Notations: In what follows, $X$ stands for a Hausdorff LCTVS and $X'$ its topological dual. Let $(T,\mathcal{M},\mu)$ be a finite measure space, i.e., $T$ is a nonempty set, $\mathcal{M}$ a $\sigma$-algebra of subsets of $T$ and $\mu$ is a nonnegative finite measure on $\mathcal{M}$.

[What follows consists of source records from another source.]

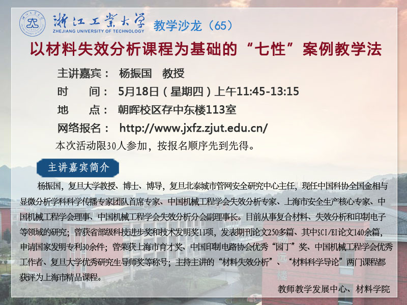 5月18日第65期教学沙龙:以材料失效分析课程为基础的“七性”案例教学法
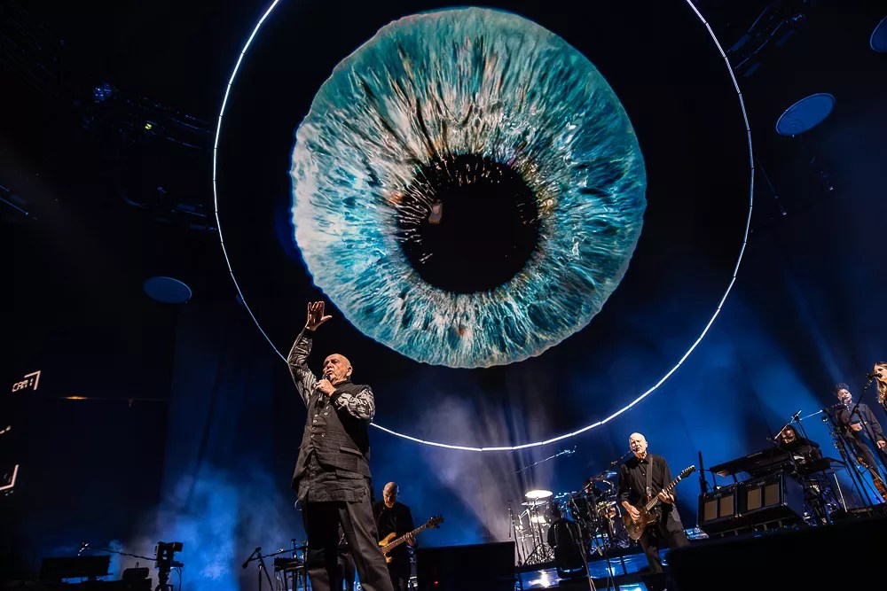 At 73, the Grammy-winning Gabriel could very easily assemble a 90-minute set full of hits, tuck in a couple of deep cuts, tour relentlessly and drift off to sleep atop a pile of money high enough to scrape the heavens. Instead, he’s taken what’s considered a more daring approach: make the familiar a reward for indulging in the unknown. The whole of Gabriel’s Thursday night set was over 2.5 hours long but split in two by a 15-minute intermission. The first set was roughly 70 minutes in length, and the second set a bit longer at 75 minutes or so.
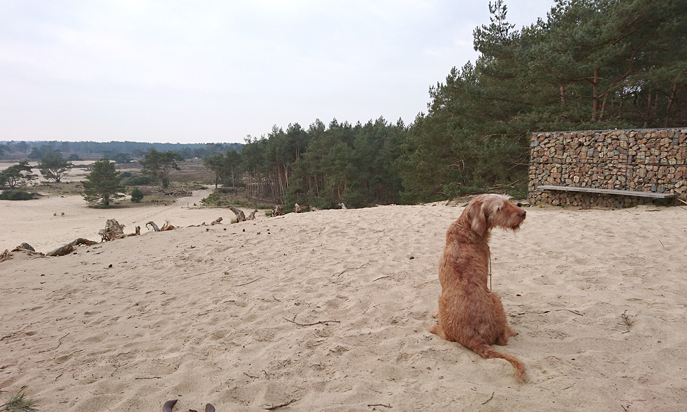 Aan het einde van het pad steek ik de snelweg over en loop naar de zandverstuiving. Woefje is hier weer netjes even aan de riem. Ik maak een kiekje en loop daarna langs het hek weer naar de Klarenweg. Helemaal aan het einde kom ik een dappere dame op en mountainbike tegen. Ik ga door de hekken, steek snelweg en spoor over en hobbel verder. Even over het stukje ‘eigen weg’ van iemand en daarna tussen de weilanden door. Er staan volop sneeuwklokjes.
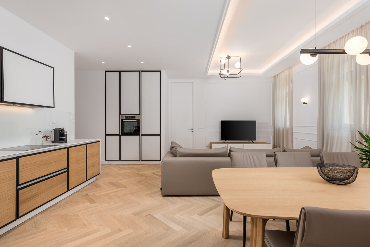 Plaza Apartments are located in the center of Opatija, on the adress Maršala Tita 128, 30 meters from Slatina beach, the Opatija Lungomare promenade and many other historical sights of Opatija. They are located in a historic building which was completely restored and equipped in 2021. They are a combination of historical architecture and contemporary design that captivates with its simplicity and charm. It contains 15 apartments decorated in neutral tones with modern furniture.
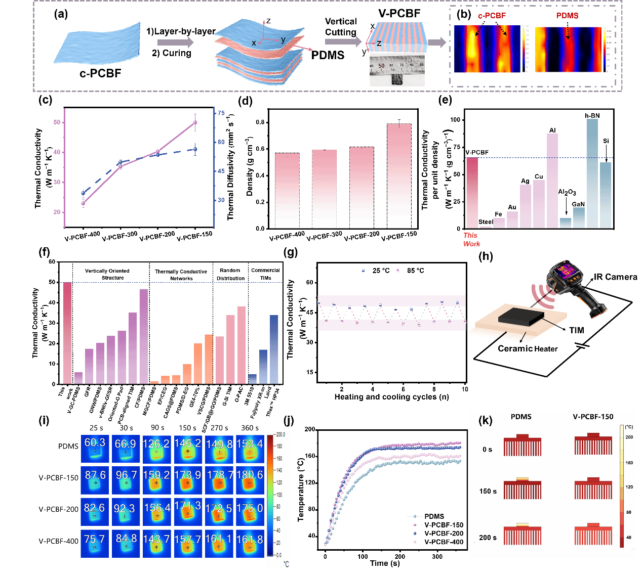 (3)通过逐层组装重构为垂直取向的热界面材料时,其垂直向热导率可达50.2 W/(m·K),在散热测试中90 s内可实现125.5 ℃的显著温降,具有出色的热管理性能。
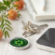 Recycling symbol with woodcut shade. Two custom text fields on circle.
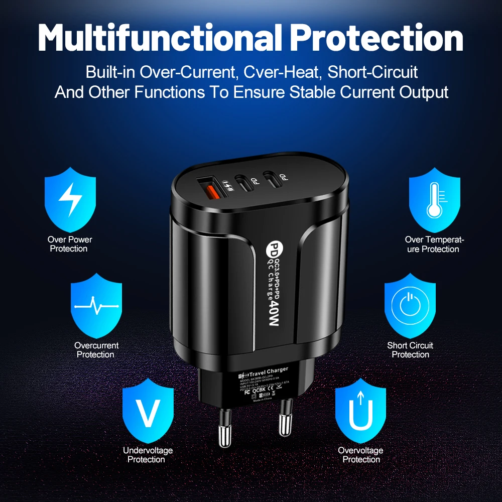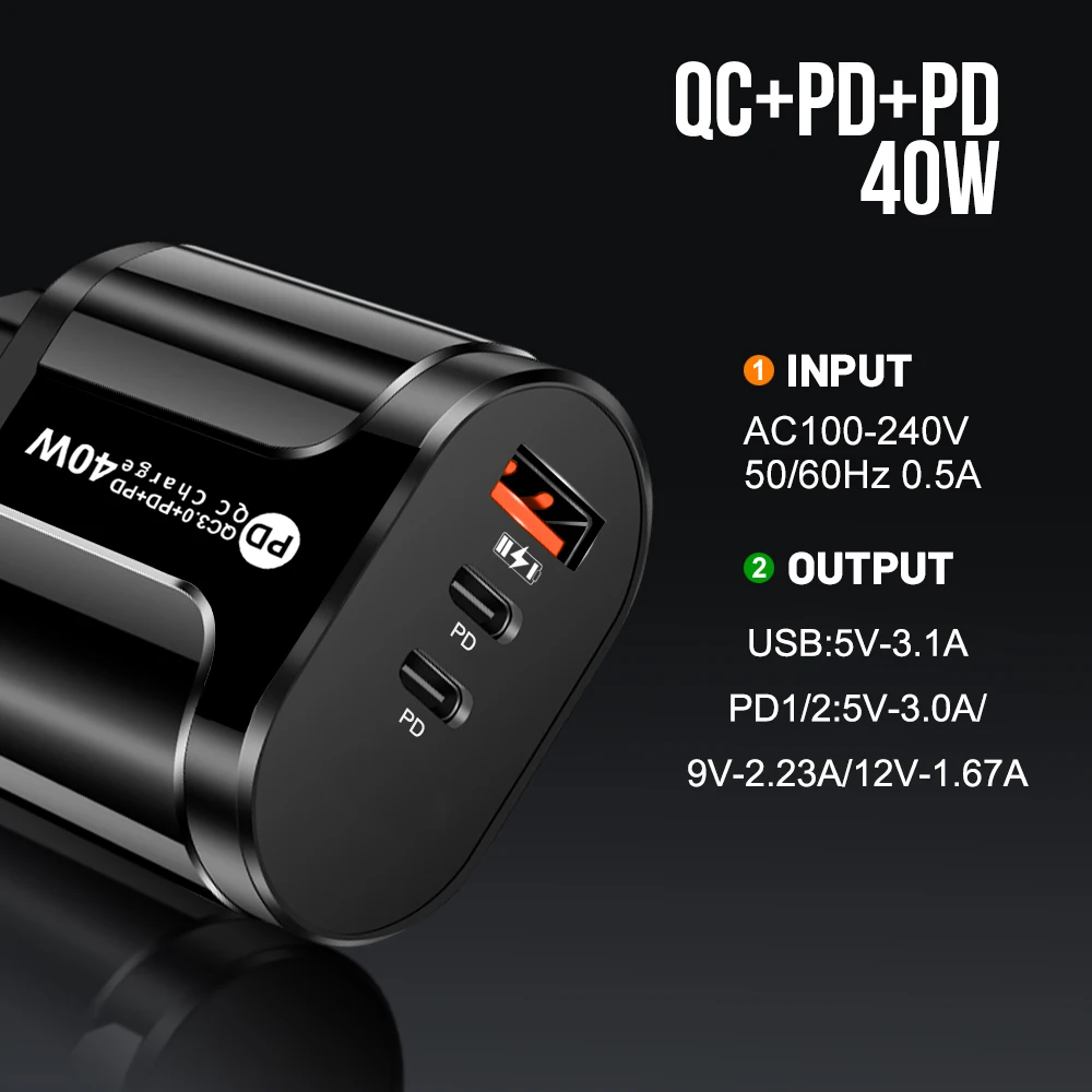 Buy 40W Phone Charging PD Fast Charging USB QC3.0 Multiple 3 Ports Type C Plug Mobile Phone Adapt for Xiaomi High Speed Wall Charger at for . Find more 509, 410204 and 100001205 products. Enjoy ✓Free Shipping Worldwide! ✓Limited Time Sale ✓Easy Return.

Definition. A function $f:T\to X$ is said to be Pettis-integrable if
for each $x'\in X'$, the composition map $$x'\circ f:T\to \mathbb{R}$$ is Lebesgue integrable and
for each $E\in \mathcal{M}$, there exists $x_E\in X$ such that $$x'(x_E)=\int_E(x'\circ f)d\mu$$ for all $x'\in X'$. In this case, $x_E$ is called the Pettis integral of $f$ over $E$ and is denoted by $$x_E=\int_E fd\mu.$$
Remark. Let $f:T\to X$ be Pettis-integrable. Define $$m_f:\mathcal{M}\to X$$ by $$m_f(E)=\int_E fd\mu$$ for any $E\in \mathcal{M}.$ Hahn-Banach Theorem ensures that $x_E$ in the above definition is necessarily unique and so $m_f$ is a well-defined mapping. Moreover, Orlicz-Pettis Theorem imply that the induced vector measure $m_f$ is countably additive, see for instance this.
Question. With the above discussions, how do we show that $m_f$ is $\mu$-continuous?
I would be thankful to someone who can help me...
Let $\mu(E)=0$. Take arbitrary $x'\in X'$, then $$ x'(m_f(E))=\int_E (x'\circ f)d\mu=0 $$ then. Since $x'\in X'$ is arbitrary by corollary of Hahn-Banach theorem $m_f(E)=0$. Thus, $m_f\ll\mu$